Even so, they appeared to be happy together, and although there were no shots of them kissing, most of the photos showed my mother clinging to her husband’s elbow and looking at him with great admiration. And so after a while I shrugged off my astonishment and decided to accept the possibility that here, in this bright and blissful place, concepts like time and age had very little bearing on people’s lives.

The women around me confirmed my theory; none of them seemed to find the union in any way extraordinary. As far as I could understand, their chirping commentary—all in Italian—was primarily about my mother’s dress, her veil, and the complex genealogical relationship of every single wedding guest to my father and to themselves.

After the wedding photos came a few pages dedicated to our baptism, but my parents were barely in them. The pictures showed Pia holding a baby that could have been either Janice or me—it was impossible to tell which one, and Pia could not remember—and Peppo proudly holding the other. There appeared to have been two different ceremonies; one inside a church, and one outside in the sunshine, by the baptismal font of the contrada of the Owl.

‘That was a good day,’ said Pia, smiling sadly. ‘You and your sister became little civettini, little owls. It was too bad…’ She did not finish the sentence, but closed the album very tenderly. ‘It is such a long time ago. Sometimes I wonder if time really heals.’ She was interrupted by a sudden commotion inside the house, and by a voice impatiently calling her name. ‘Come!’ Pia got up, suddenly anxious. ‘That must be our Nonna!’

Old Granny Tolomei, whom everyone referred to as Nonna, lived with one of her granddaughters in the centre of Siena, but had been summoned to the farm this afternoon in order to meet me—an arrangement that clearly did not fit her personal schedule. She was standing in the hallway, irritably arranging her black lace with one hand while leaning heavily on her granddaughter with the other. Had I been as uncharitable as Janice, I would have instantly proclaimed her the picture-perfect fairy-tale witch. All that was missing was the crow on her shoulder.

Pia rushed forward to greet the old lady, who grudgingly allowed herself to be kissed on both cheeks and escorted into a particularly favoured chair in the living room. Some minutes were spent making Nonna comfortable; cushions fetched, placed, and moved around, and special lemonade brought in from the kitchen, immediately sent back, and brought in anew, this time with a slice of lemon perched on the rim.

‘Nonna is our aunt,’ Peppo whispered in my ear, ‘and your father’s youngest sister. Come, I will introduce you.’ He pulled me along to stand to attention in front of the old lady and eagerly explained the situation to her in Italian, clearly expecting to see some sign of joy on her face.

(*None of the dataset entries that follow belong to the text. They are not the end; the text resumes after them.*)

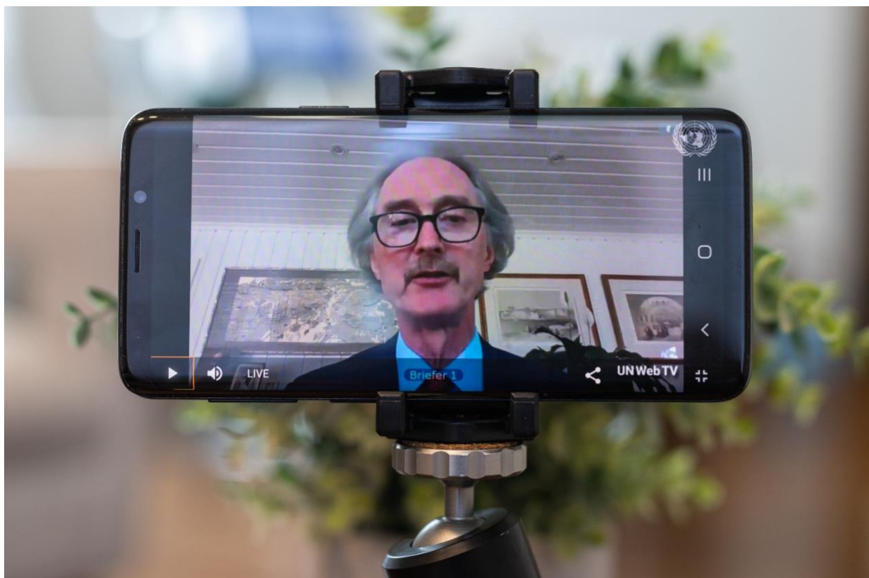
Syria: Special Envoy Geir O. Pedersen briefing the Security Council on the situation in Syria.

Brussels IV Conference: The Syria Team's engagement has ensured that the Conference reflects UN policy on Syria, including with regards to human rights, accountability and the political process led by Special Envoy Pedersen.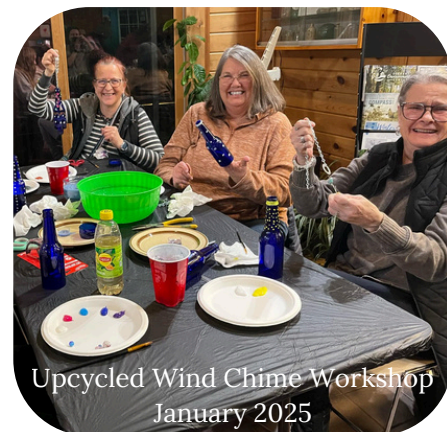
Upcycled Wind Chime Workshop January 2025

We look forward to seeing you at our upcoming activities!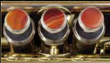
Brazilian Agate - Agate varies in colorization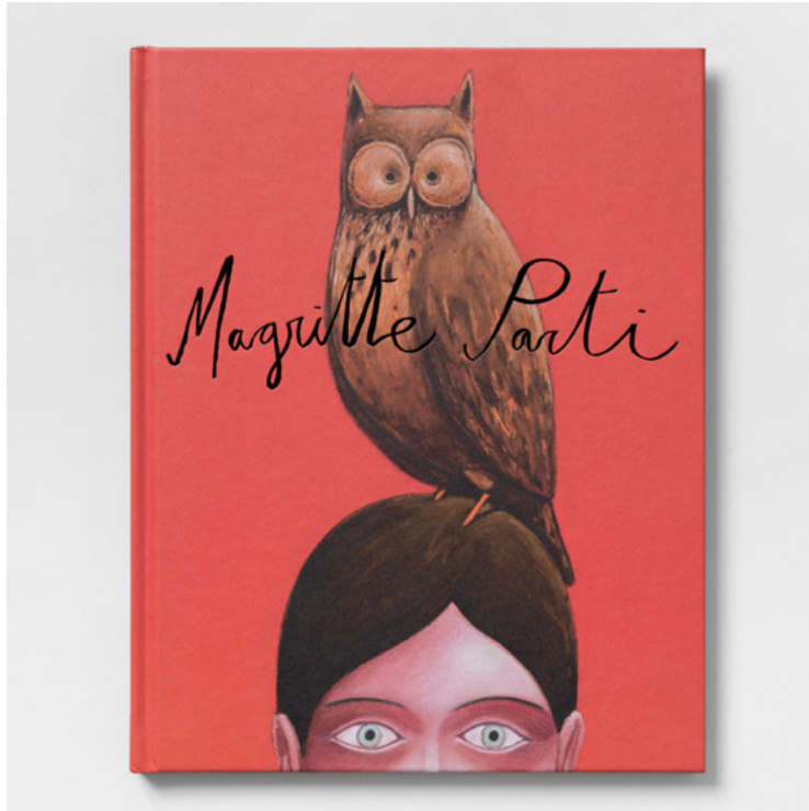
Magritte Parti . Courtesy of Xavier Hufkens.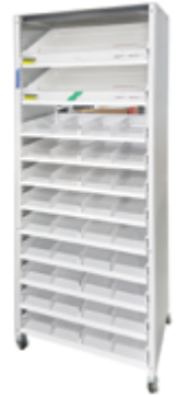
HD Stock™ Drawers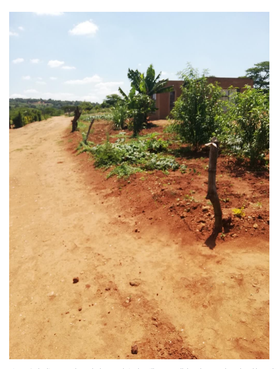
Figure 8 The line runs through the stands in the village parallel to the gravel road and boundary fence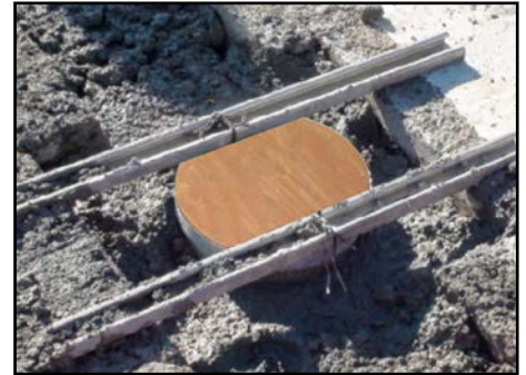
Installed Base Can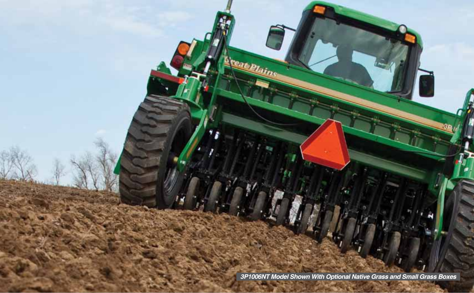
3P1006NT Model Shown With Optional Native Grass and Small Grass Boxes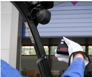
IR remote control for harsh environments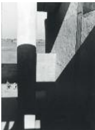
Haute-Cour de Justice, Chandigarh.

The Architectural Work of Le Corbusier exhibits an unprecedented interchange of human values and a remarkable debate of ideas, on a worldwide scale lasting half a century, on the birth and development of the Modern Movement. Faced with a world dominated by academicism, The Architectural Work of Le Corbusier revolutionized architecture by demonstrating, in an exceptional and pioneering manner, the invention of a new architectural language that made a break with the past. The Architectural Work of Le Corbusier marks the birth of three major trends in modern architecture: Purism, Brutalism and sculptural architecture. The global influence reached by The Architectural Work of Le Corbusier on four continents is a new phenomenon in the history of architecture and demonstrates its unprecedented impact. The influence of the buildings comprising this series is all the more powerful as The Architectural Work of Le Corbusier was further propagated by the architect's many writings, immediately disseminated and translated throughout the world. This unique complementarity between the built work and the publications made Le Corbusier the main spokesman for the new architecture and The Architectural Work of Le Corbusier a subject of endless observation, analysis and commentary as well as a worldwide source of either inspiration or constant opposition.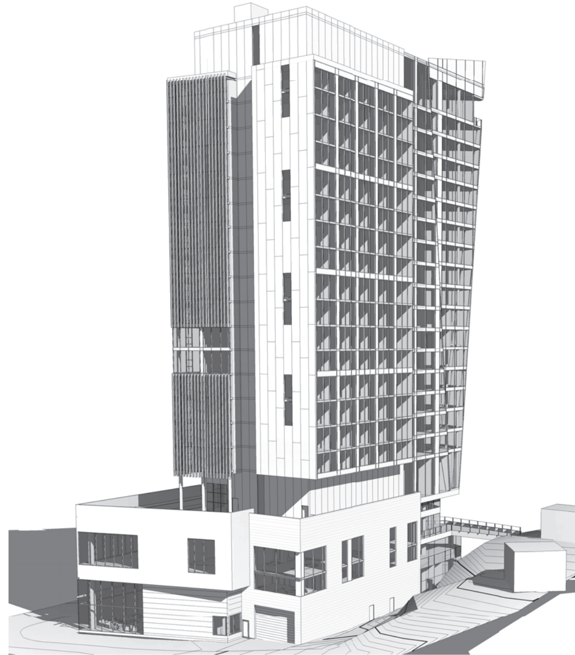
SOUTH EAST AERIAL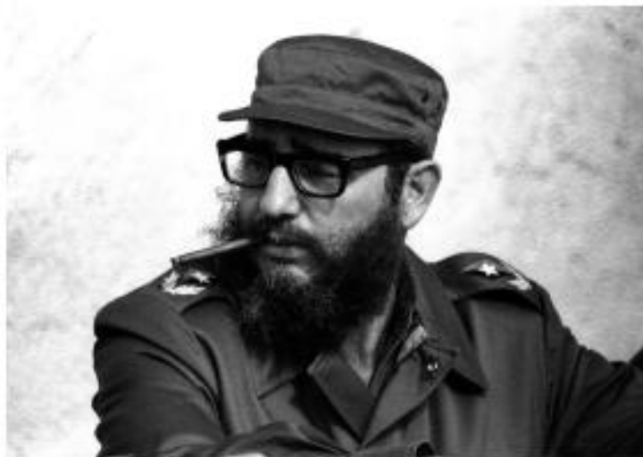
Fidel Castro in November 1976.

Perhaps the most famous attempt to kill Castro came in 1960 when the CIA poisoned a box of his favorite cigars.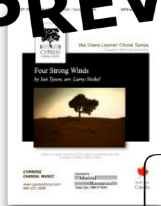
Four Strong Winds SATB, TTBB, SSAA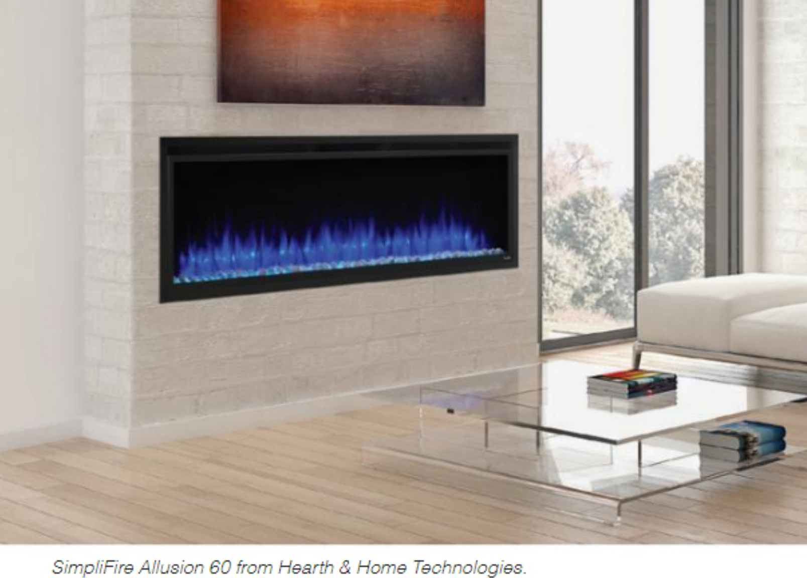
SimpliFire Allusion 60 from Hearth & Home Technologies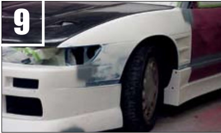
9 The most important aspect of a kit installation is the fitment between panels. As you can see, the Chargespeed kit, along with expert installation, fits nice and tight.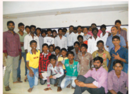
The Campers with the staff

1 out of 4 ingredients in our medicine is from rainforest plants.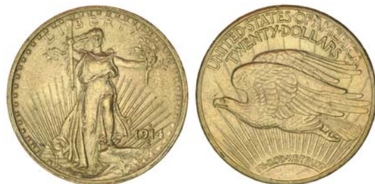
3845* USA, twenty dollars or double eagle, 1914S, St. Gaudens. Nearly uncirculated. $1,700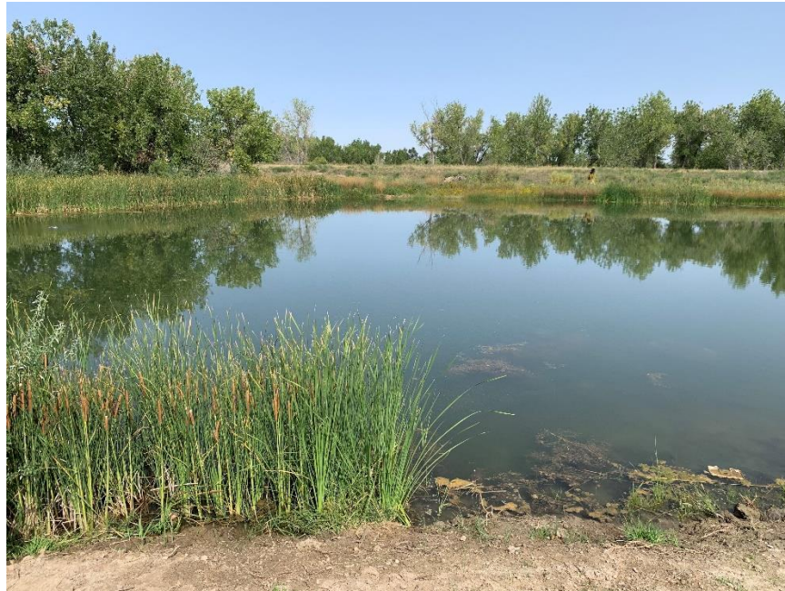
Northwest corner of pond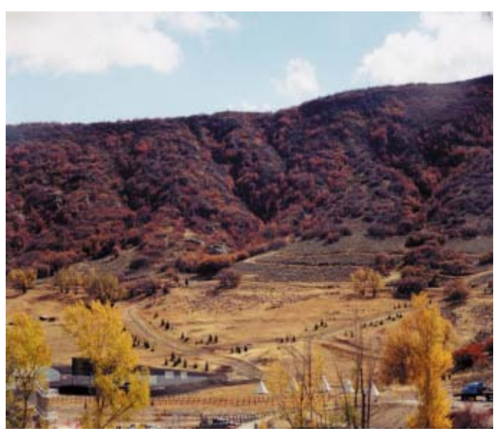
Soldier Hollow/Wasatch State Park in the fall

state travel to rural areas for recreation, as do many out-ofstate tourists. This puts a higher level of pressure on rural resources and infrastructure. Long-term and consistent sources of funding are important for rural areas. Longterm resource protection and amenity/ecological service values are statewide concerns. Funding should be used to encourage Planning Districts to help protect these broader social values.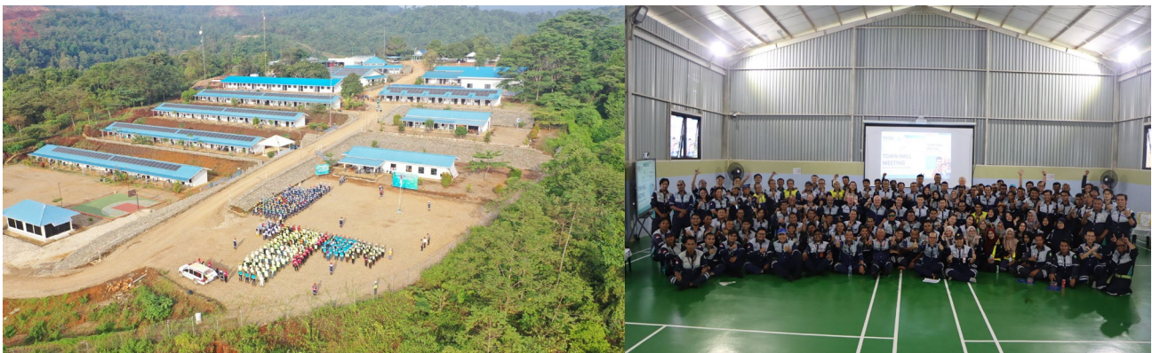
Hengjaya Mine camp

Project development remains ongoing, with an additional 4 tonnes of limonite bulk sample collected across the project area. The sample has been dispatched to the BRIN Mining Research Centre in Lampung, Indonesia, for metallurgical testing, including nickel leaching, acid consumption analysis, and further assessments on the recovery of scandium and other rare earth elements.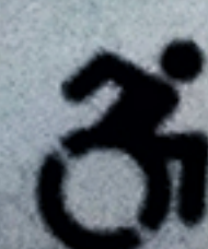
Image on front: In Her Interior, Her Eyes Were As Black As Coal... (still), 2019.

205 Hudson Gallery is an accessible space and there is ample seating in the gallery. For more information or to request assistive services, please call us at 212-772-4991 (voice only), or email hcag@hunter.cuny.edu .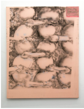
Unlimited Rationalization, Universal Enrollment...

Acrylic paint on pink velvet, 140 x 118 cm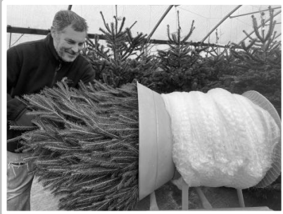
Christmas Trees Individually hung ...then wrapped to take home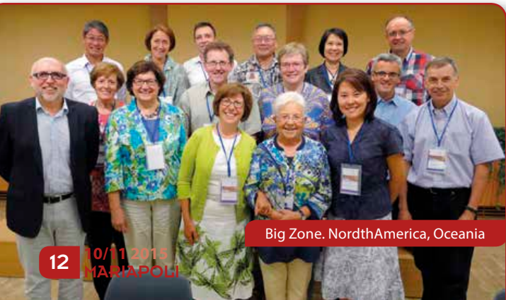
Big Zone. NordthAmerica, Oceania

The Summer school, which is becoming more widespread have revealed themselves to be important occasions for the formation of the new generations. This is what Jesús said: «The Summer school must achieve this; to make the life be reflected in the way of thinking, to allow for categories to be acquired so that one cannot but act in a certain way, because one lives in this way and thinks in this way. This is humanism that is perfectly workable, because it has nothing confessional about it, but rather it addresses the most radical part in man. It is a formidable anthropology. This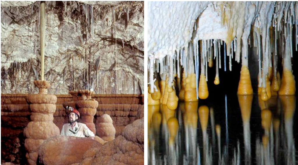
Figure 3. A (left): Multiple shelfstone levels in Lechuguilla Cave. B (right): Present-day phreatic overgrowths on speleothems in Cova des Pas de Vallgornera, Mallorca.

The timing of initiation and cessation of speleothems growth is relatively easy to resolve applying U/Th measurements on carbonate material extracted from the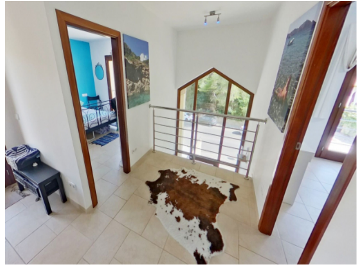
Hallway 1. floor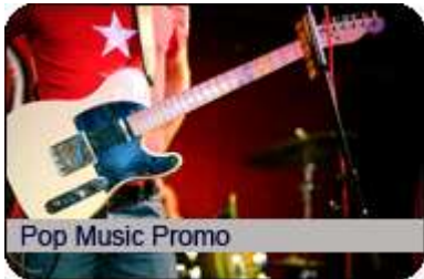
Pop Music Promo

Off Limits will now task the teams with recreating a Music Video, however; the main focus is on the actual production.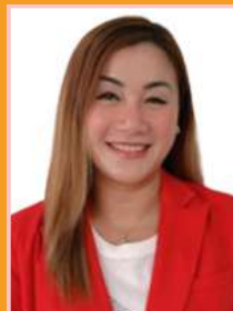
Irish May Tan Fish Farming ID#11539191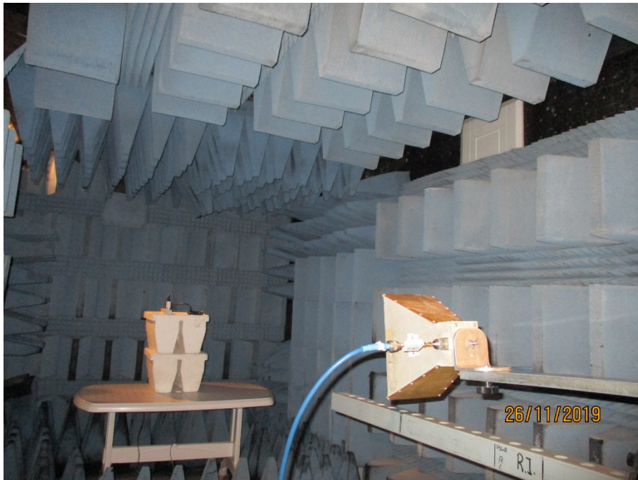
Figure 4. Radiated Emission Test, 1-18GHz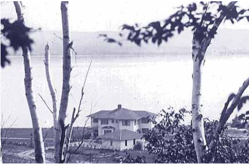
2092 Crescent Beach Road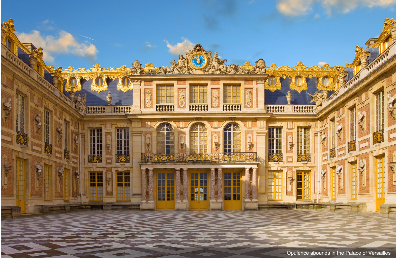
Opulence abounds in the Palace of Versailles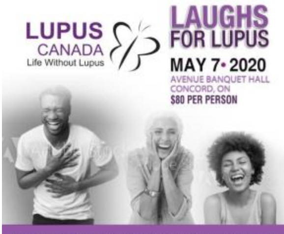
IN SUPPORT OF THE THOUSANDS OF CANADIANS LIVING WITH LUPUS

Help us move the dial forward and make a difference in the lives of Canadians living with lupus!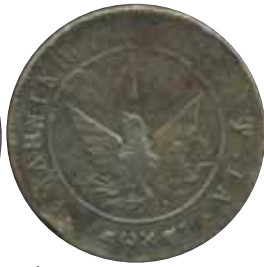
5002 40 €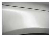
Snowflake White Pearl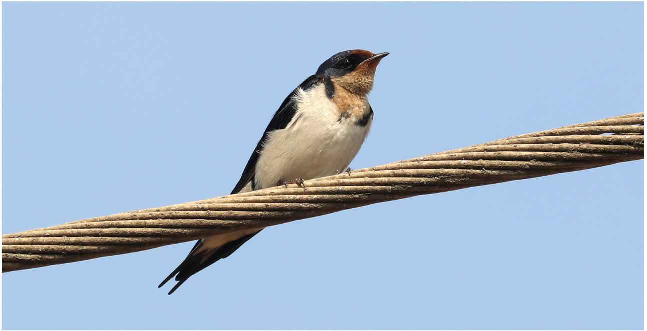
Ethiopian Swallow (above)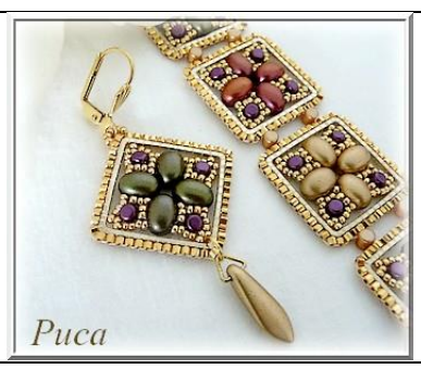
24) It's your turn, you can make earings, bangle or a pendant (3)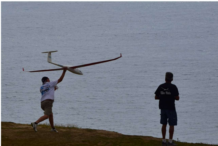
Tom's DG-1000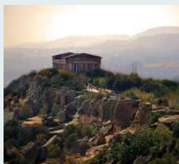
EUROPE & NORTH AFRICA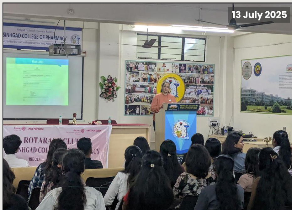
13 July 2025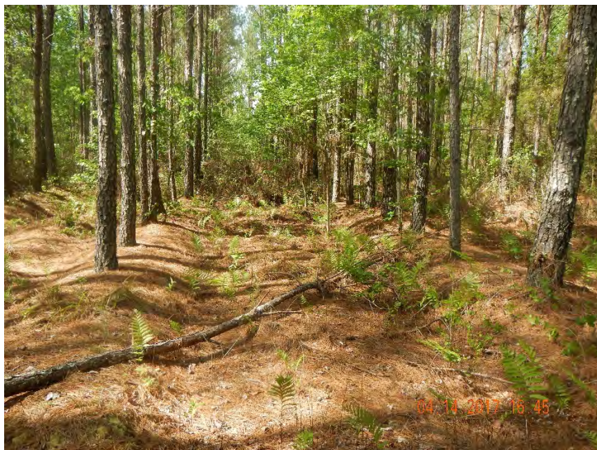
Photo 527. View of Transitional Planted Loblolly Pine Flatwoods community as seen at GPS location 10207 (Frame 1437; 04/14/17).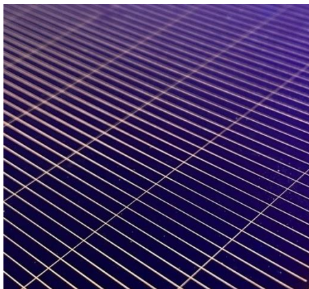
Fig. 1 At just 19 micrometers in width, the copper contacts are extremely thin. As a result, the light-sensitive silicon layer does not experience much shading.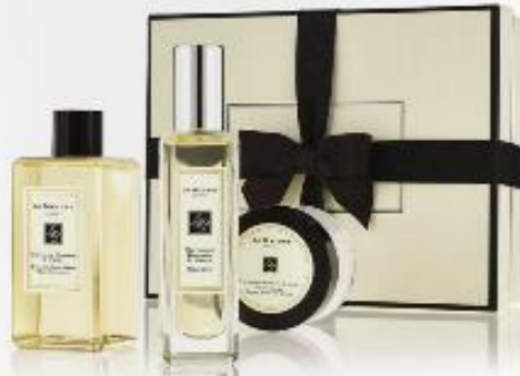
JO MALONE LONDON NECTARINE & HONEY COLLECTION $110 neimanmarcus.com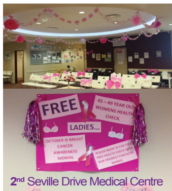
2nd Seville Drive Medical Centre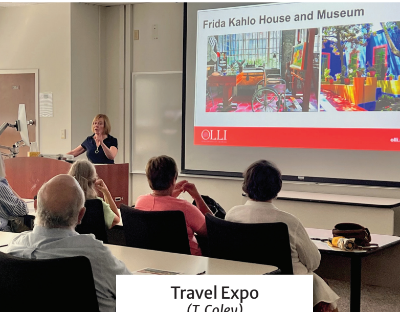
Travel Expo (T. Coley)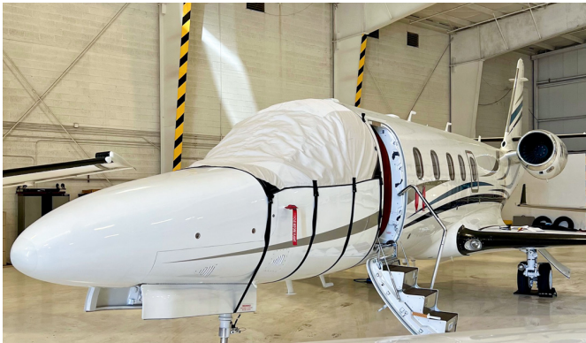
Astra SPX Cockpit Cover

But Nonna refused to smile. No matter how much Peppo urged her, even begged her, to rejoice with the rest of us, she could not be persuaded to take any kind of pleasure in my presence. He even had me step forward so that she could see me more clearly, but what she saw only gave her further reason to scowl, and before Peppo managed to pull me out of range, she leaned forward and snarled something I did not understand, but which made everyone gasp with embarrassment.

Pia and Peppo practically evacuated me from the living room, apologizing all the way. ‘I am so sorry!’ Peppo kept saying, over and over, too mortified even to look me in the eye. ‘I don’t know what is wrong with her! I think she is going crazy!’

‘Don’t worry,’ I said, too stunned to feel anything, ‘I don’t blame her for not believing it. It’s all so new, even for me.’

‘Let us go for a little walk,’ said Peppo, still flustered, ‘and come back later. It is time I show you their graves.’

The village cemetery was a welcoming, sleepy oasis, and very different from any other graveyard I had ever seen. The whole place was a maze of white, freestanding walls with no roof, and the walls themselves were a mosaic of graves from top to bottom. Names, dates, and photos identified the individuals dwelling behind the marble slabs, and brass sconces held—on behalf of the temporarily incapacitated host—flowers brought by visitors.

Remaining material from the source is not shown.